And here were the additional questions (and answers!) that came up during Q&A:
Is it okay for one Go process to have multiple workers polling different queues?
Yes! Very common.
How expensive is it to spin up many (let’s say 1-10k) workers in a single Go process using client.NewFromExisting
? What resources does this consume on the worker process and on the Temporal server (from polling/etc)?
It’s very cheap to spin up a lot of workers. Most workers are two/three long-running gRPC calls. What’s expensive is your code the worker runs, and that may affect your decision about how many workers you collocate alongside each other.
Thomir mentioned that Go/TypeScript/.NET SDKS dynamically tune the non-sticky-to-sticky. What is the Python SDK behaviour?
.NET and Python are working the same way in that regard.
When a Go process has multiple workers running, how is it decided which worker will get to process a workflow/activity next? I’m curious if starvation can happen if one task queue is very busy (i.e. would other task queues still get a chance to run)?
It’s just goroutines like any other Go code. There are per-worker settings to limit concurrency, and you should set them to values to ensure the resources are not overloaded (may have to benchmark because everyone’s workflows/activities are different). But otherwise, if slots are available and the process is not overloaded, all workers will continually ask for more work, they won’t affect each other.

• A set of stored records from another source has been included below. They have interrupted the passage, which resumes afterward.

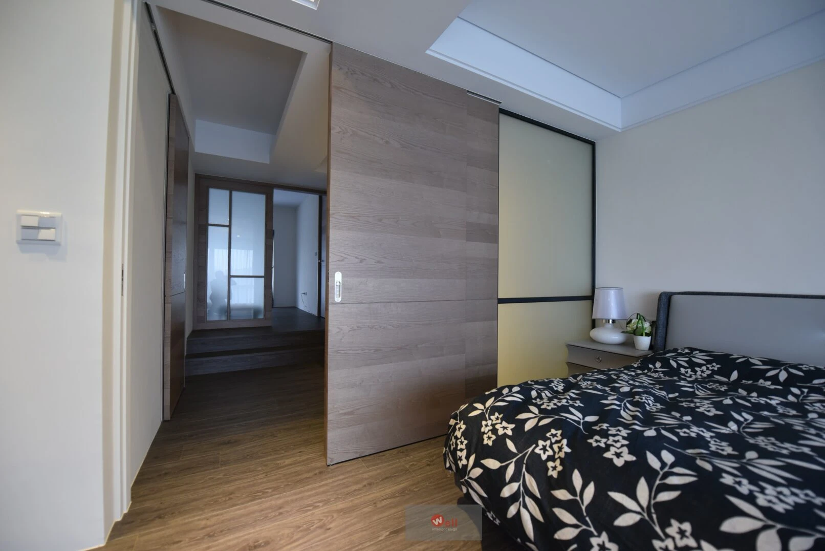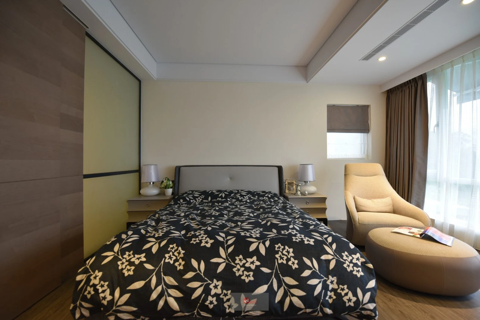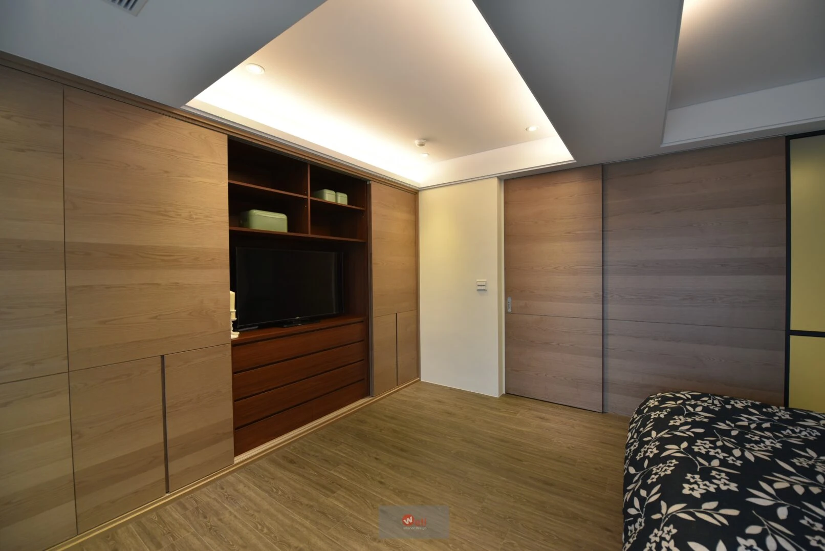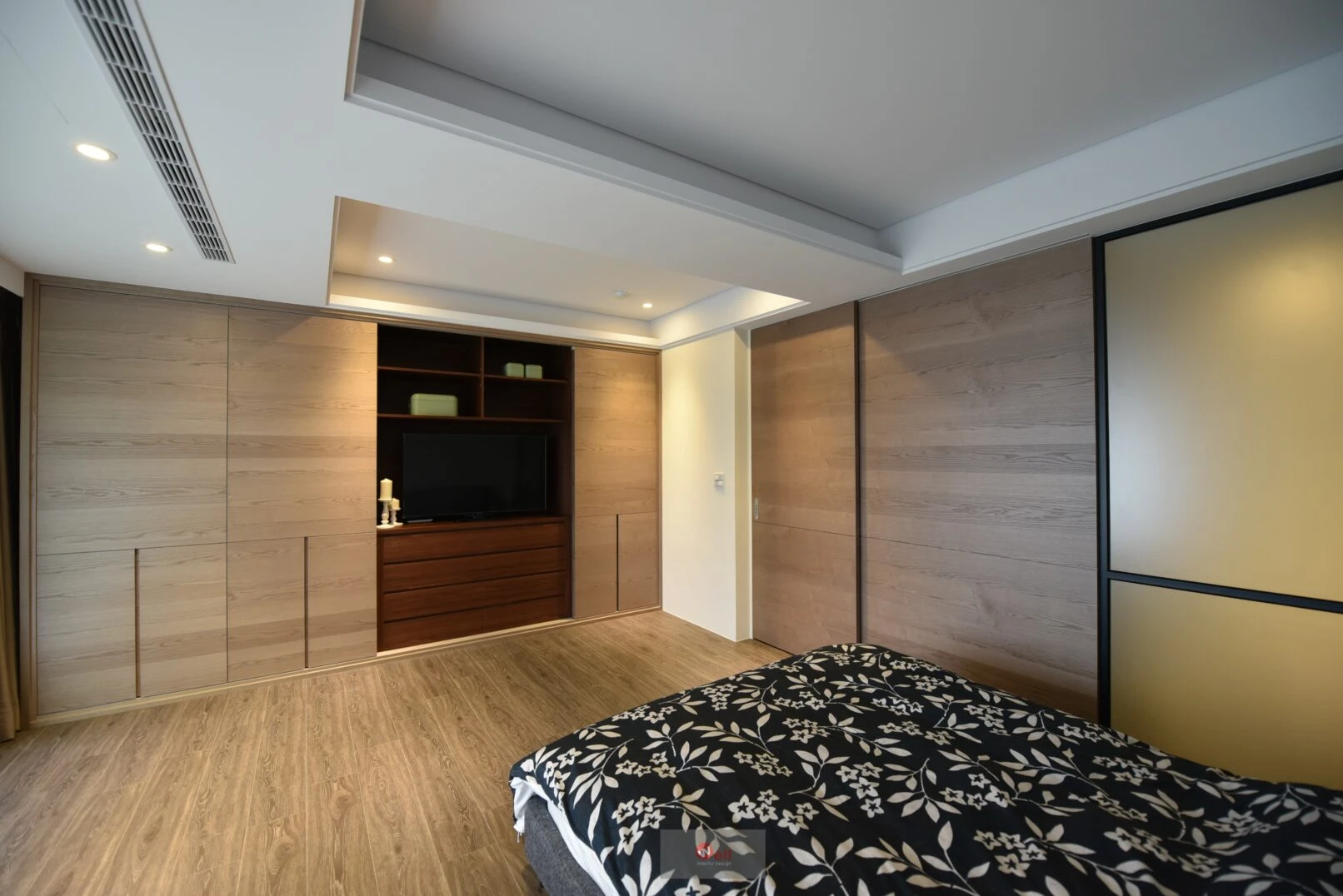 相較於公共區域的開放與流動,主臥空間則轉向更沉靜的氛圍營造。 透過色調的收斂與材質觸感的調整,構築出專屬於夫妻二人的休憩場域。機能收納隱於立面之中,降低視覺干擾,使空間回歸單純與放鬆。
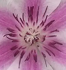 La clématite patens 'Carnaby' dispose d'une très grande fleur, rose sur l'extérieur des sépales et blanche au cœur. La fleur mesure entre 12 et 20 cm. les fleurs apparaissent au travers de bourgeons axillaires.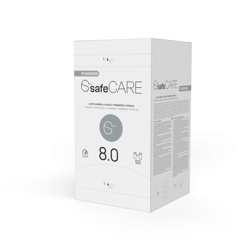 Rękawice chirurgiczne lateksowe SafeCare (rozm.8.0) - pudrowane, jałowe, 1 para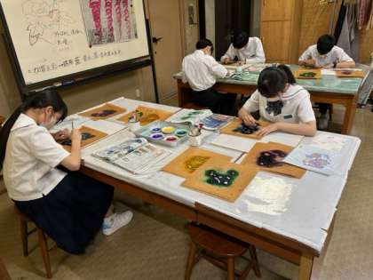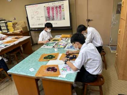 加賀友禅会館での友禅染め体験の様子です。 真剣に取り組んでいます。

Is temporal_worker_task_slots_available the best metric to implement worker auto-scaling?
Yes, mostly, see https://docs.temporal.io/develop/worker-performance. We are going to have a way to get more accurate task queue information in the very near future to help drive scalers though, stay tuned!
What are the most common failure modes when the workers are not configured properly?
Depends on which option is not set reasonably. Too large of a max-concurrent means overloaded/slow process and potentially high latencies. Low max-concurrent may mean growing task queue backlog and bad schedule-to-start latencies. Low cache means more CPU/network work on each workflow task, high cache means potential memory overuse. Etc.
https://docs.temporal.io/develop/worker-performance may be able to help a bit
Is there any provision in the product to do auto-scaling?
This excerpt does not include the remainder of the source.